Is the Conservative vs. Liberal Litmus Paper Test Reliable in Predicting Which Judges Are Likely to Rule for or Against Property Oners in Eminent Domain Cases?

          Don’t miss Professor Ilya Somin’s discussion on the Volokh Conspiracy about the fallacy of categorizing court decisions involving eminent domain, as eithet pro-business or anti-business. Go to http://volokh.com/posts/1243651525.shtml to check it out.

         In a nutshell, what is going on is that left-liberal commentators and journalists are often besotted with the idea of the government taking property from its rightful owners for some public purpose (like roads, government buildings etc.) or for some “public-private” scam like redevelopment, that is labeled a “public use” even what it plainly and primarily benefits private business interests at public expense. But Professor Somin’s point brigs to mind something else that we have had occasion to think about during our decades in the condemnation law biz.

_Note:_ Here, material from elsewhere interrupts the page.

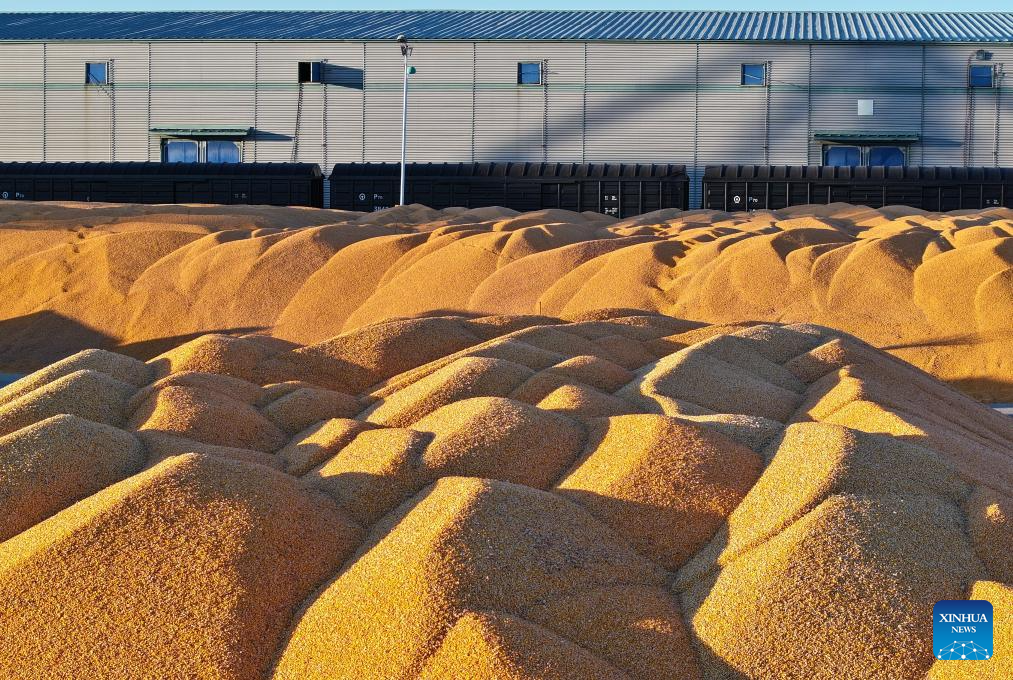 A drone photo shows corn kernels to be dried at a drying service station of a farming company under Beidahuang Group in northeast China's Heilongjiang Province, Oct. 14, 2025. Heilongjiang Province, a major grain producer in northeast China, saw its 22nd bumper harvest with a record-breaking grain output reaching 82 million tonnes this year, data from the National Bureau of Statistics (NBS) showed on Friday.
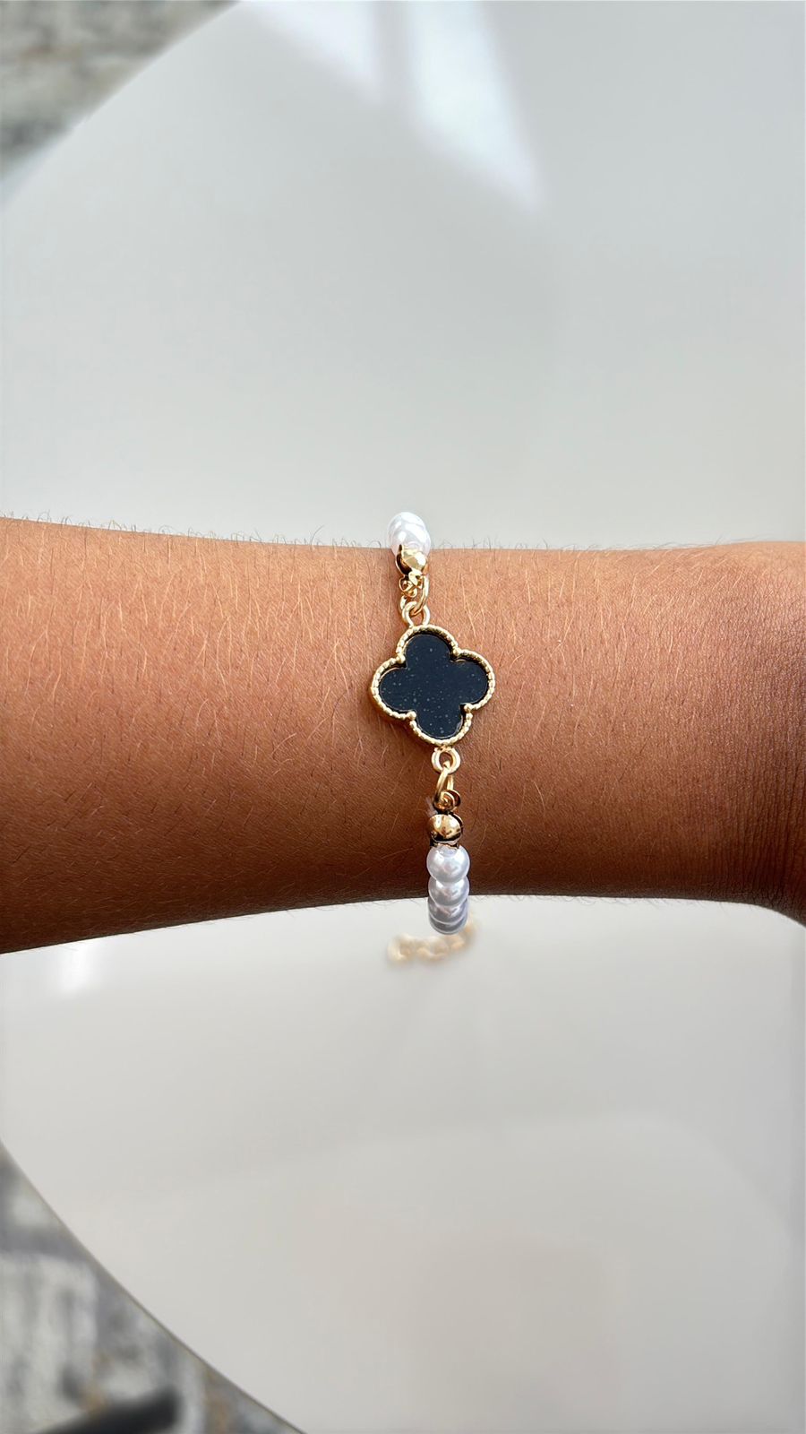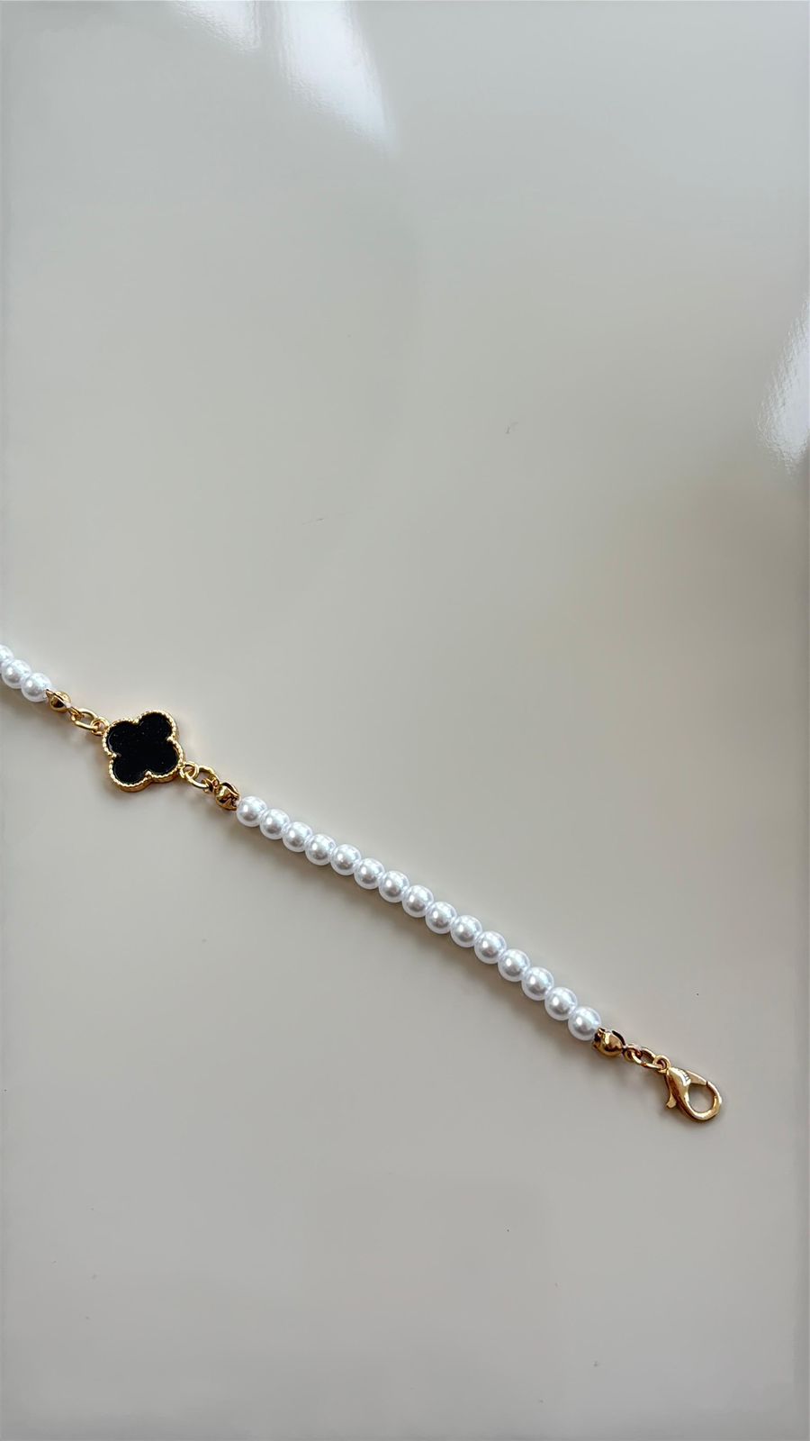 pulseira em pérola com detalhe em trevo preto com dourado

         It is also misleading to classify court decisions in these cases as being conservative vs. liberal. Why? Because conservative judges are often authority-oriented and tend to rule for the authority figure like the government, while liberal judges ostensibly favor the individual and under the right circumstances can summon the will to rule against the government which is what they tend to do in non-condemnation cases. Thus, in California, impeccably liberal judges, like the California Supreme Court Associate Justice Stanley Mosk were capable of producing opinions that favored the condemnees’ side both on the right to take and on issues of compensation.

         Thus, on the former point, Justice Mosk was the author of the forceful dissent in the leading excess condemnation case, People v. Superior Court (Rodoni) 68 Cal.2d 206 (1968) where he objected to the state’s taking of some 50 acres of land in excess to what it concededly required for a freeway. He was proven right when a few years later the California Little Hoover Commission investigated the state’s excess land acquisition program and found that, far from saving money as claimed by the state, it was a rathole for public funds. Proceeding under it, the state had acquired some $100 million worth of land which it could neither use nor sell.

          Justice Mosk also wrote eminent domain opinions favoring the condemnees’ side in Klopping v. City of Whittier, 6 Cal. 3d 39 (1972), (owners entitled to compensation for unreasonable precondemnation government conduct),  Jones v. People, 22 Cal.3d 144 (1979 (same), Southern California Edison v. Bourgerie, 9 Cal.3d 169 (1973) (overrulimng prior precedent and making covenants running with the land compensable in eminent domain), and Nestle v. Santa Monica, 10 Cal.3d 1385 (1973) (establishing government liability for airport-caused nuisance).

         On the other hand, Frank Richardson, the leading conservative Justice on the California Supreme Court, authored the two opinions that (at least in our view) were probably the most harmful, anti-property opinions rendered by that court: Agins v. City of Tiburon, 24 Cal.3d 266 (1979) (denying compensation for regulatory takings, but overruled in First English etc. Church v. County of Los Angeles, 482 U.S. 304 (1987)), and City of Oakland v. Oakland Raiders, 32 Cal.3d 60 (1982) (giving the “public use” clause an expansive interpretation and finding that a city’s taking of an NFL franchise to prevent the Raiders from moving out of Oakland was a “public use”).

          It seems to us that the Libertarian vs. Statist test is more useful in predicting which judges will vote which way, but it too is unreliable. Also, in more recent years, we have seen the emergence of a doctrinaire segment of the judiciary that irrespective of its right-left breakdown is under almost all circumstances  opposed to private property rights when they collide with government takings, particularly regulatory inverse condemnation takings. The best example of that phenomenon is the ferocious hostility to inverse takings claimants, that is displayed by many federal judges, even nominally condervative ones — Judge Richard Posner of the 7th Circuit being the proverbial “Exhibit A.”

         The good news is that a number of state courts have been so repelled by the unabashed extremism of the U.S. Supreme Court’s Kelo decision that they have reacted by curbing their states’ taking power — e.g, Illinois, Michigan, Ohio, Oklahoma, Pennsylvania, South Carolina, and sometimes New Jersey.

Follow up. Right after finishing the above post, we came across a fascinating item on Timothy Sandefur’s blog ( http://sandefur.typepad.com/freespace/ ) in which he points to the observation of  Sharon Love  that the vaunted personal liberalism  of the left is largely focused on sexual activities, which is why it is so appealing to the young whose hormonal output tends to overcome their intellectual product. Which, if true, would also tend to explain why people tend to grow more conservative as they age.